Katie was confused, and let it show.

“Yes, my grandfather is the Master Blender there. Why?”

Minnie McGee lowered her voice and posture, mumbling in the girl's ear.

“Mr Potter may be more or less impervious to alcohol, but he has become quite the connoisseur of single malts, and his collection is extensive. I had the opportunity to peruse his collections, as well as hear about his favourites, a while back, and though Highland Park was missing I do believe that the heather peat would be well received. Not to mention how much he has embraced his Norse connections.”

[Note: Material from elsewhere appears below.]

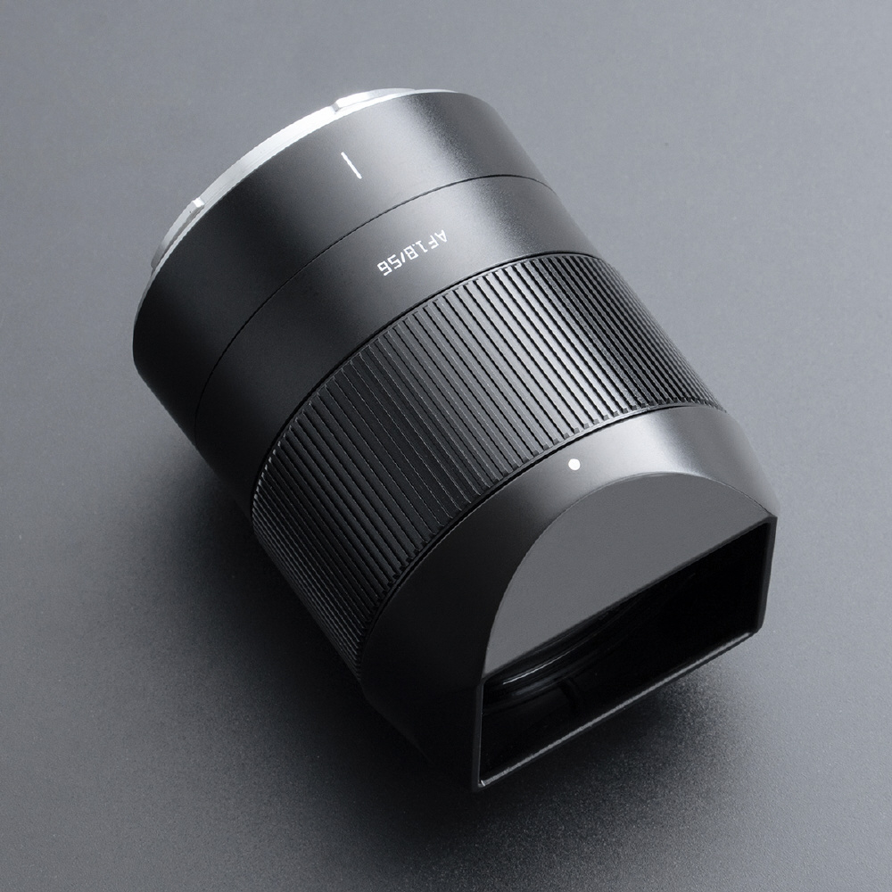 銘匠光学(めいしょうこうがく)TTArtisan(ティーティーアーティザン)AF 56mm f/1.8は、APS-Cセンサー用の大口径中望遠レンズです。EDレンズを含む9群10枚のレンズ構成により、色収差を抑え良好な画質を実現。鏡筒と付属のフードは質感の良い金属製で、ピントリングは心地よい操作感となっています。

Katie's smile lit up the immediate area, until she clamped down on the Charm. It was so obvious.

“I can't believe I didn't think of that. All Orcadians know that we're really Norse, posing as Brits. I'll call home for the latest, and give it to him.”

“The latest?”

Katie's face shone as she dove into the Family business.

“Yes. It's a 40-year-old Single Malt. Jason --- Jason Craig, the manager --- just cleared it, and Grandfather loves it. He says it's a balance of toffee, dark chocolate, orange zest and heather peat smokiness; the whisky will be packaged in an oak stained wooden box complete with a 28-page leather booklet. Would he like that?”

“You get some of that, and I'll set up a meeting for you. Did you intend to work in their marketing department by any chance? You sold it nicely.”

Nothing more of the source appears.